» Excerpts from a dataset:

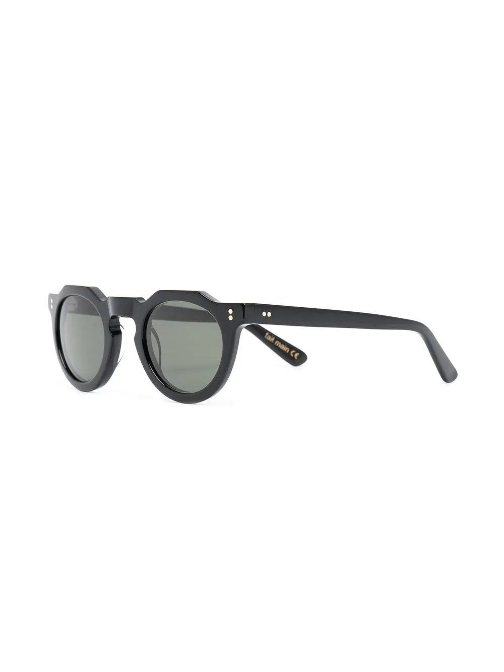 Черный, темно-зеленый, ацетат, круглая оправа, затемненные линзы зеленого цвета, линзы с защитой от ультрафиолета и завышенный мост. В комплект входит защитный чехол для очков.
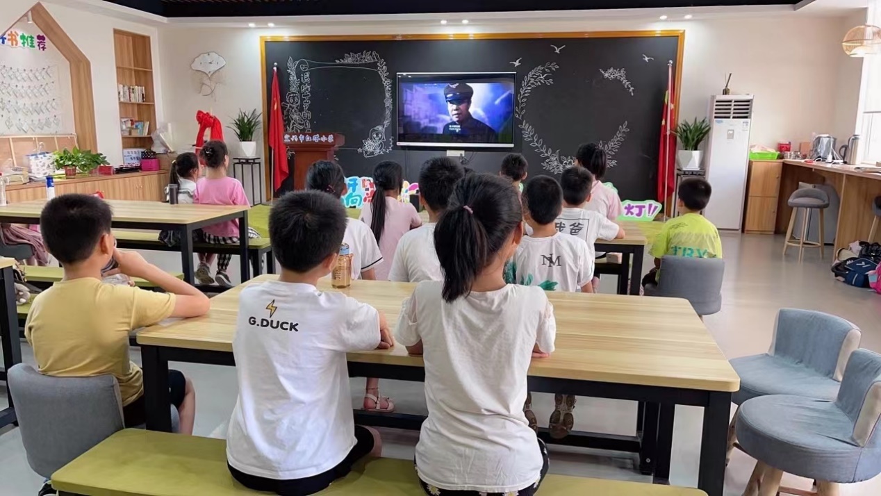 图为学生们参观宜兴党史陈列馆,以高年级学生带领低年级学生,并由学生自主讲解
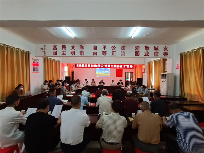 6月8日,名泉社区党支部开展6月份“党员主题活动日”活动,组织党员扎实开展党史学习教育。
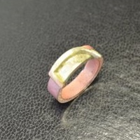 Het eerste deel op de ring zit er op en is gesoldeerd door middel van hard soldeer. De ring ziet er nu niet fraai uit. Dit komt omdat deze voorzien is van een vloeimiddel om het hechten te bevorderen. In een later stadium wordt al het overtollige vloeimiddel verwijderd.
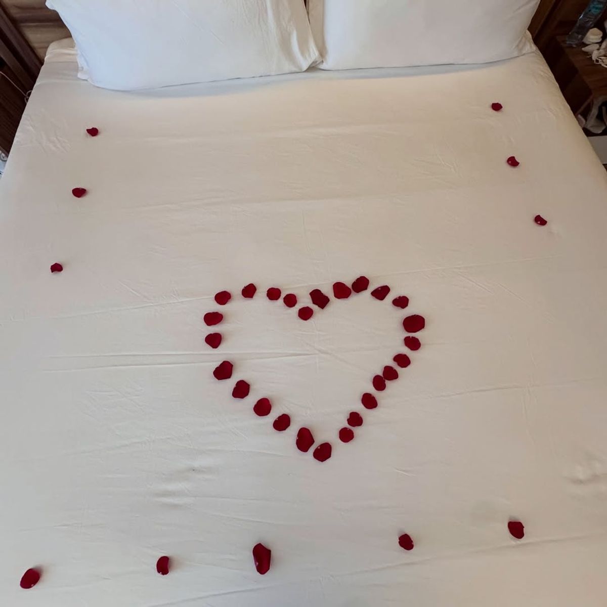 Las imágenes que Borghi publicó parecen reforzar la versión de la usuaria. Aunque en la mayoría aparece sola, hay gestos que sugieren compañía: una foto en la que disfruta de una copa de vino, claramente tomada por alguien más, y otra que muestra una cama decorada con pétalos de rosa formando un corazón. Detalles que hablan de un viaje con tintes románticos.

» YOUR INSTRUCTIONS:
The records above need to be copied exactly, with the pictures left out.

» OUTPUT FOR THIS EXERCISE:
 Черный, темно-зеленый, ацетат, круглая оправа, затемненные линзы зеленого цвета, линзы с защитой от ультрафиолета и завышенный мост. В комплект входит защитный чехол для очков.
 图为学生们参观宜兴党史陈列馆,以高年级学生带领低年级学生,并由学生自主讲解
 6月8日,名泉社区党支部开展6月份“党员主题活动日”活动,组织党员扎实开展党史学习教育。
 Het eerste deel op de ring zit er op en is gesoldeerd door middel van hard soldeer. De ring ziet er nu niet fraai uit. Dit komt omdat deze voorzien is van een vloeimiddel om het hechten te bevorderen. In een later stadium wordt al het overtollige vloeimiddel verwijderd.
 Las imágenes que Borghi publicó parecen reforzar la versión de la usuaria. Aunque en la mayoría aparece sola, hay gestos que sugieren compañía: una foto en la que disfruta de una copa de vino, claramente tomada por alguien más, y otra que muestra una cama decorada con pétalos de rosa formando un corazón. Detalles que hablan de un viaje con tintes románticos.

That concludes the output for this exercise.